▶ **Exercise description**: Reproduce the entries shown below only from the line with "A Deer on a" down to the line with "Table of largest", keeping both end lines and copying each one exactly.

------ Records for this exercise ------

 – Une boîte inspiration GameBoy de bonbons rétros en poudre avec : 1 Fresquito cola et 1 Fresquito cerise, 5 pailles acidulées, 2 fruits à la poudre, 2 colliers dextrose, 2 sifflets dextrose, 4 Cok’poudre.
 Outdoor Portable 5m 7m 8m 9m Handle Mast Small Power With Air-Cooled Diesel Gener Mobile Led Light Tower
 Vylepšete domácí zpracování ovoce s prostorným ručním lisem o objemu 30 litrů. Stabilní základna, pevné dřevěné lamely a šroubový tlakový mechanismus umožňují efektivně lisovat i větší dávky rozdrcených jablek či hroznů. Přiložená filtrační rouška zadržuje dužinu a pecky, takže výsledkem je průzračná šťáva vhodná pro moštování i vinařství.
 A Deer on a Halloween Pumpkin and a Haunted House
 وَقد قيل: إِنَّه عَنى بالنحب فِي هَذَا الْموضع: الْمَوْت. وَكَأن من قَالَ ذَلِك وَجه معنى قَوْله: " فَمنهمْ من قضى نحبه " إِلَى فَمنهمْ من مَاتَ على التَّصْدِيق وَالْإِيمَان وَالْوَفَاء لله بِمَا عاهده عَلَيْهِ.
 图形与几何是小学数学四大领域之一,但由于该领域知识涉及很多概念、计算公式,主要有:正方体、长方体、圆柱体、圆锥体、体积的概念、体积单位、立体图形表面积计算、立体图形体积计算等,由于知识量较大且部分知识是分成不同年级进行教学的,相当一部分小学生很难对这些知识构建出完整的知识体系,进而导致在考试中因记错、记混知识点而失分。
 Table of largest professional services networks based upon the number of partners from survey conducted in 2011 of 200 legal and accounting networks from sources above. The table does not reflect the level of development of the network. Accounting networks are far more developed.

------
------ Records for this exercise ------

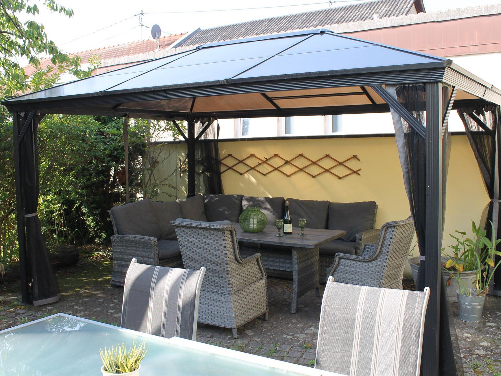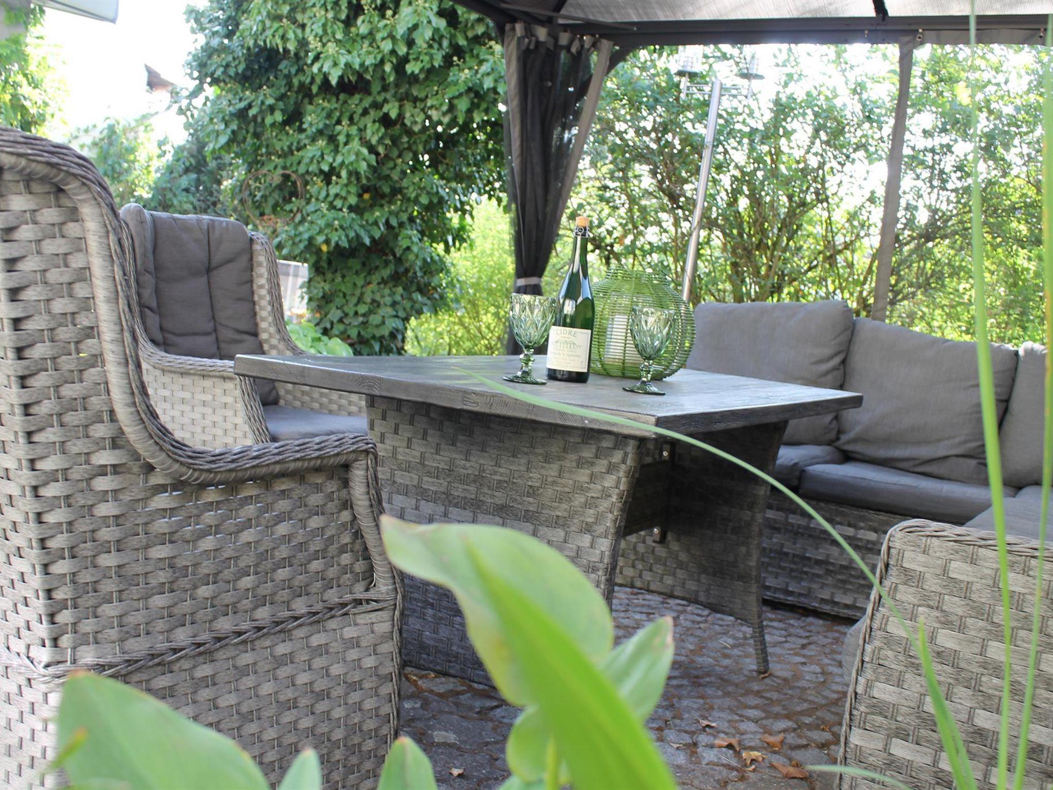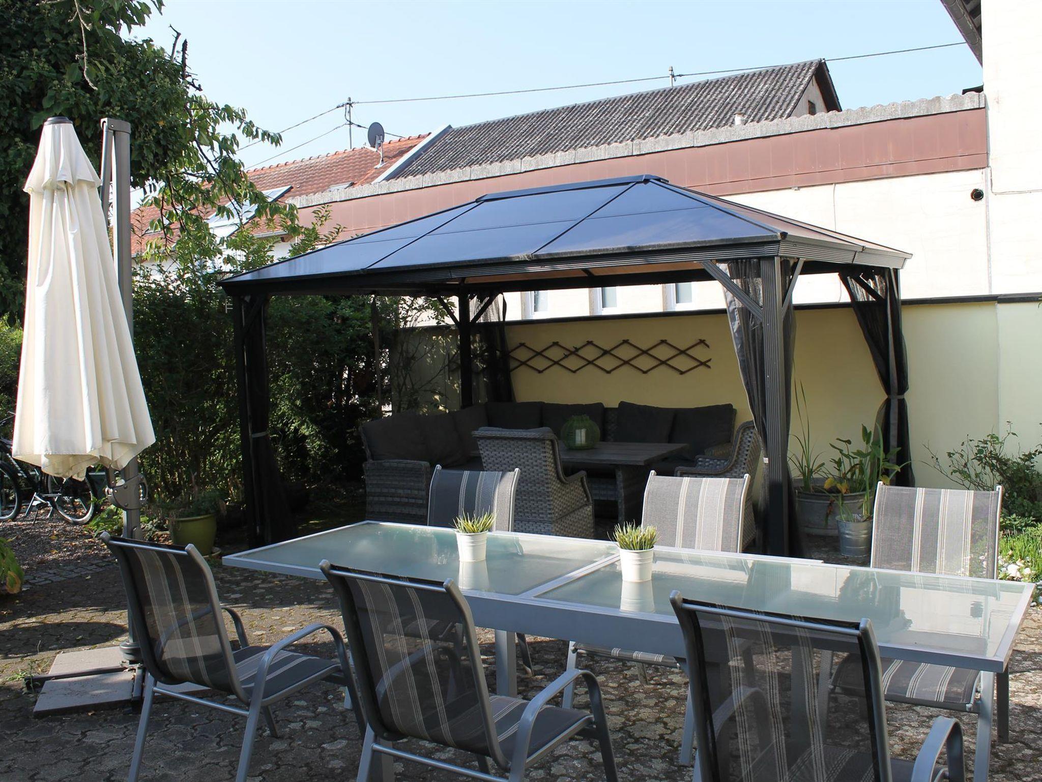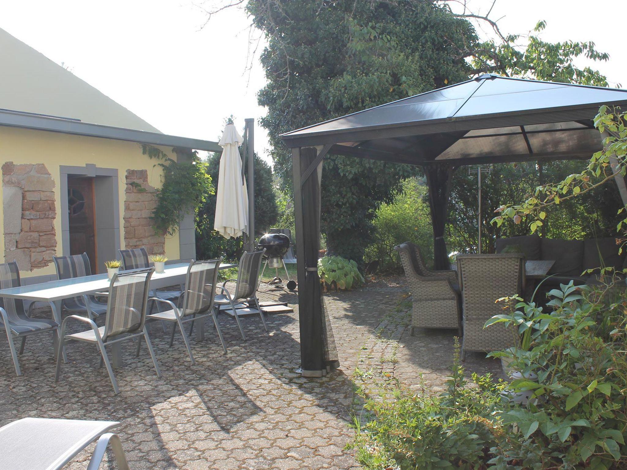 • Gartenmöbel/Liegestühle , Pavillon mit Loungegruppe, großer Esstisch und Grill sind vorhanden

------

▶ **Answer box**:
 A Deer on a Halloween Pumpkin and a Haunted House
 وَقد قيل: إِنَّه عَنى بالنحب فِي هَذَا الْموضع: الْمَوْت. وَكَأن من قَالَ ذَلِك وَجه معنى قَوْله: " فَمنهمْ من قضى نحبه " إِلَى فَمنهمْ من مَاتَ على التَّصْدِيق وَالْإِيمَان وَالْوَفَاء لله بِمَا عاهده عَلَيْهِ.
 图形与几何是小学数学四大领域之一,但由于该领域知识涉及很多概念、计算公式,主要有:正方体、长方体、圆柱体、圆锥体、体积的概念、体积单位、立体图形表面积计算、立体图形体积计算等,由于知识量较大且部分知识是分成不同年级进行教学的,相当一部分小学生很难对这些知识构建出完整的知识体系,进而导致在考试中因记错、记混知识点而失分。
 Table of largest professional services networks based upon the number of partners from survey conducted in 2011 of 200 legal and accounting networks from sources above. The table does not reflect the level of development of the network. Accounting networks are far more developed.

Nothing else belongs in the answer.